From the moment of her jilting, Granny adopted denial to face her life. Her lingering love for George is certain, but she attempts to deny it. Though she says she had forgotten him, she is at pains to admit she loves him anyway; “there was something else besides the house and the man and the children… Something not given back” (Parker). Certainly, Granny here is referring to her love that was not given back by George, but she is dying to forget the matter. She is in this denial to make it through her widowed life where she has a lot to take care of. As Granny seeks a sign from God in her last moments and gets none, it is the sad memory of the jilting event that captures her imagination with brutal candidness; “For a second time there was no sign. Again no bridegroom and the priest in the house” (Parker). Denial helps her to stay out of touch with reality and at least enjoy her life the way it is. Denial of reality, taken to an extreme level, can be detected in her words while she is seriously sick when she refuses to accept her condition as bad. This is expressed in her statement to Doctor Harry; “Get along and doctor your sick,” said Granny Weatherall. “Leave a well woman alone. I’ll call for you when I want you…(Parker).
In response to the conflict, Granny dedicates her life to hard work that besides rearing her children involves attending to patients as a nurse and a midwife. It is stated that her career involved, “Riding country roads in the winter when women had their babies …: sitting up nights with sick horses and sick negroes and sick children and hardly ever losing one (Parker). The incidence of the jilting, sitting at the back of her mind, coerces her to dedicate her energies to impact positively on her society. Absence of the man she loved left her free to accomplish many good deeds, and she held on to the value she had to others.
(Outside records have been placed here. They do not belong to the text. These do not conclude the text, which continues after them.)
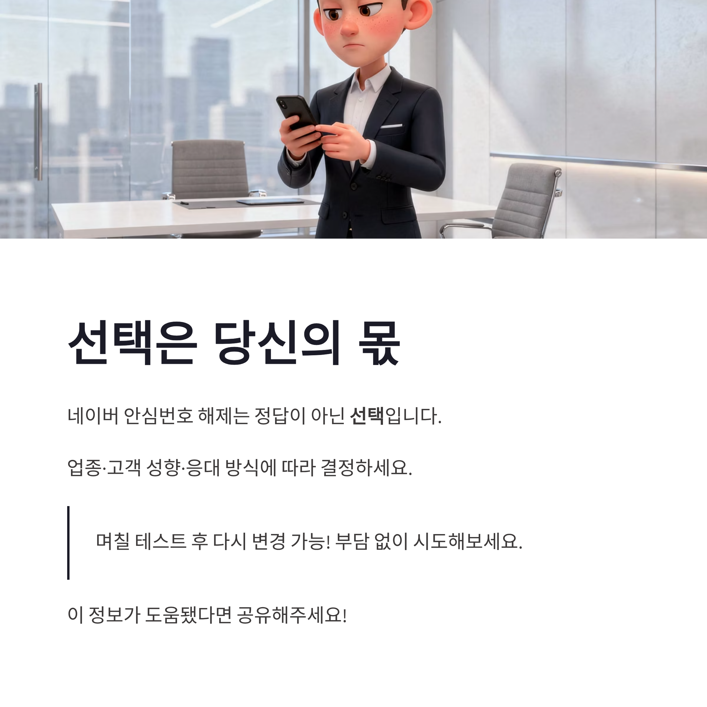 정리해보면 네이버 안심번호 해제는 무조건 해야 하는 것도, 무조건 피해야 하는 것도 아니더라구요. 내 업종, 고객 성향, 전화 응대 방식에 따라 갈리는 문제 같았어요.
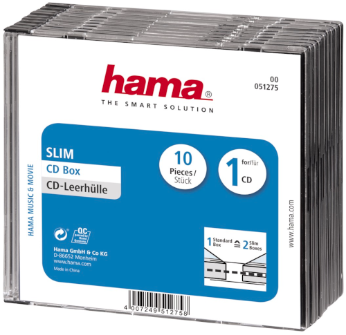 HAMA CD-Leerhülle Slim, 10er-Pack, Transparent/Sch
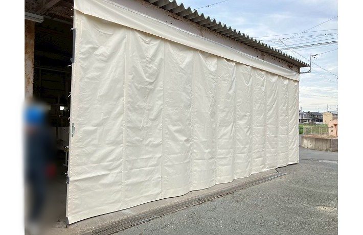 愛知県にて長さ8.6m 高さ3.4mスライドカーテンの新設工事を行いました。
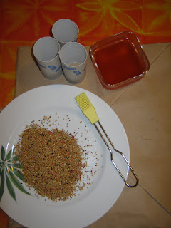 Con il pennello dipingete il rotolo o la pigna con la marmellata o il miele.
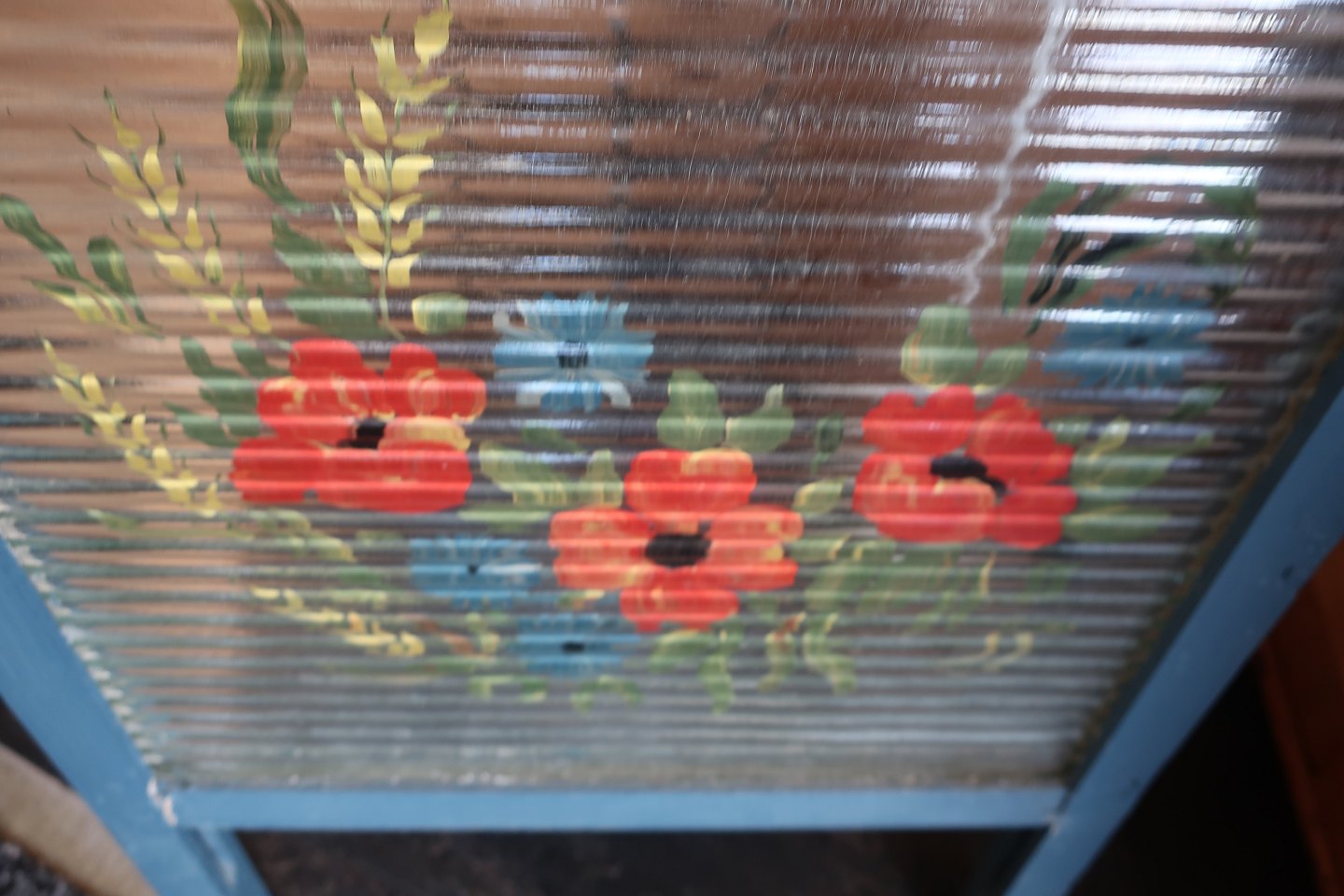 Washboard A blue washboard with painted glas In a good condition Articleno.: 6-11731
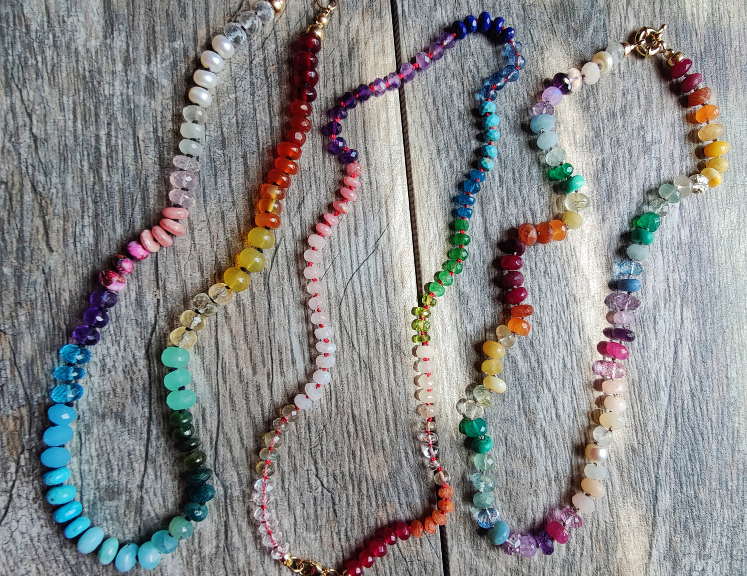 Here's a preview of some of my favorite colorways and designs. I also love custom projects, and clients come to me with an idea as specific as the type of gemstone, color, size, and layout they want; or as general as a photo of their favorite painting as color inspiration (or even just the request "I like shades of blue"!) and then we work together to create the piece of their dreams. Reach out anytime if you're curious about custom options, I'm always happy to chat about jewelry!

This fondness of her actions is evident in that she remembers her daughter and son consulting her on child rearing matters and business issues respectively; “She wasn’t too old yet for Lydia to be driving eighty miles for advice when one of the children jumped the track, and Jimmy still dropped in and talked things over: “Now, Mammy, you’ve a good business head, I want to know what you think of this?” (Parker). In spite of her hurtful motivations, Granny achieves a lot through her commitment to serving others selflessly up to her last days. Even in her deathbed, she muses, “there were a great many things left undone on this place. She would start tomorrow and do them” (Parker). Due to her passion of hard work, she wished to help Cornelia around.
The conflict makes granny adopt an unhealthy attitude to caregivers where she is harsh to them. Due to her superwoman illusion created by her survival past the jilting, Granny feels that nobody should spend time caring for her as she could overcome any challenge that comes her way. This is confirmed by her attitude towards Cornelian, a daughter who is taking care of her in the house. It is stated, “Cornelia was dutiful; that was the trouble with her. Dutiful and good: “So good and dutiful,” said Granny, “that I’d like to spank her”” (Parker). This shows that Granny never wished anybody to care for her after losing George on the fateful wedding day sixty years ago. Granny’s attitude towards the Doctor Harry and priest Connolly further proves her desire to be left to her own struggles. At the first instance, she tells the doctor, “Get along now. Take your schoolbooks and go. There’s nothing wrong with me” (Parker). When the priest comes to bless her the last time she wards him off saying, “I went to Holy Communion only last week. Tell him I’m not so sinful as all that” (Parker). Granny’s refusal to accept the care frustrates the three, but they have to endure since they are dutiful in their respective roles.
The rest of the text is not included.